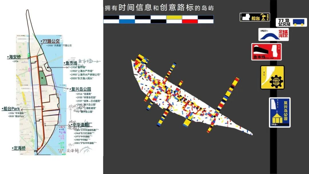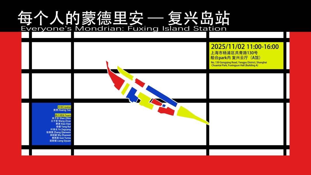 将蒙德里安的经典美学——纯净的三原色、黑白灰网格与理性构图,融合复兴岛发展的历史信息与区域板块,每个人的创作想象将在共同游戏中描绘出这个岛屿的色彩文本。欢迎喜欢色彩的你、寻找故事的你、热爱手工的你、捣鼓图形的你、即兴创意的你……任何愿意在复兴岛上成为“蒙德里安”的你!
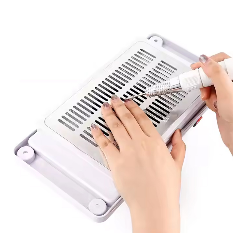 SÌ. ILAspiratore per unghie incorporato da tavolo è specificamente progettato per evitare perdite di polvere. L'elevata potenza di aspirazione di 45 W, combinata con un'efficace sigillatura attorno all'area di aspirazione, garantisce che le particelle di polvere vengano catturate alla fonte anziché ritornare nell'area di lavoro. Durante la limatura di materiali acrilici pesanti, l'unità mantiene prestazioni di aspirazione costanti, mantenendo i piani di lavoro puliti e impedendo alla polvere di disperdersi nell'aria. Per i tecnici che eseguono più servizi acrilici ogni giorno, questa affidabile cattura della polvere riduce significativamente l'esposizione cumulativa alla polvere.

····················

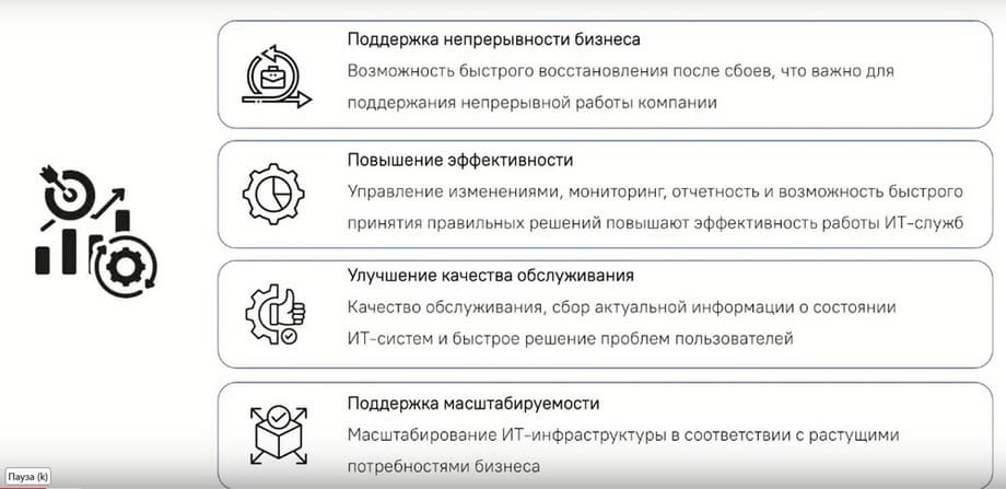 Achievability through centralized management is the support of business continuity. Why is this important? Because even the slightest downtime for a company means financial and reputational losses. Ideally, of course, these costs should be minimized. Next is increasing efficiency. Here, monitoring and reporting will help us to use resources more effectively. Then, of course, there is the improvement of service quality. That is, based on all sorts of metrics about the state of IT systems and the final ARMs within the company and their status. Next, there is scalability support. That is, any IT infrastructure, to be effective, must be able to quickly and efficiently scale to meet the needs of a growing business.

····················

* _What the exercise asks_: The reply should hold exactly the lines above, starting at the line with "将蒙德里安的经典美学——纯净" and ending at the line with "SÌ. ILAspiratore per", and no pictures.

* _Result of this task_:
 将蒙德里安的经典美学——纯净的三原色、黑白灰网格与理性构图,融合复兴岛发展的历史信息与区域板块,每个人的创作想象将在共同游戏中描绘出这个岛屿的色彩文本。欢迎喜欢色彩的你、寻找故事的你、热爱手工的你、捣鼓图形的你、即兴创意的你……任何愿意在复兴岛上成为“蒙德里安”的你!
 SÌ. ILAspiratore per unghie incorporato da tavolo è specificamente progettato per evitare perdite di polvere. L'elevata potenza di aspirazione di 45 W, combinata con un'efficace sigillatura attorno all'area di aspirazione, garantisce che le particelle di polvere vengano catturate alla fonte anziché ritornare nell'area di lavoro. Durante la limatura di materiali acrilici pesanti, l'unità mantiene prestazioni di aspirazione costanti, mantenendo i piani di lavoro puliti e impedendo alla polvere di disperdersi nell'aria. Per i tecnici che eseguono più servizi acrilici ogni giorno, questa affidabile cattura della polvere riduce significativamente l'esposizione cumulativa alla polvere.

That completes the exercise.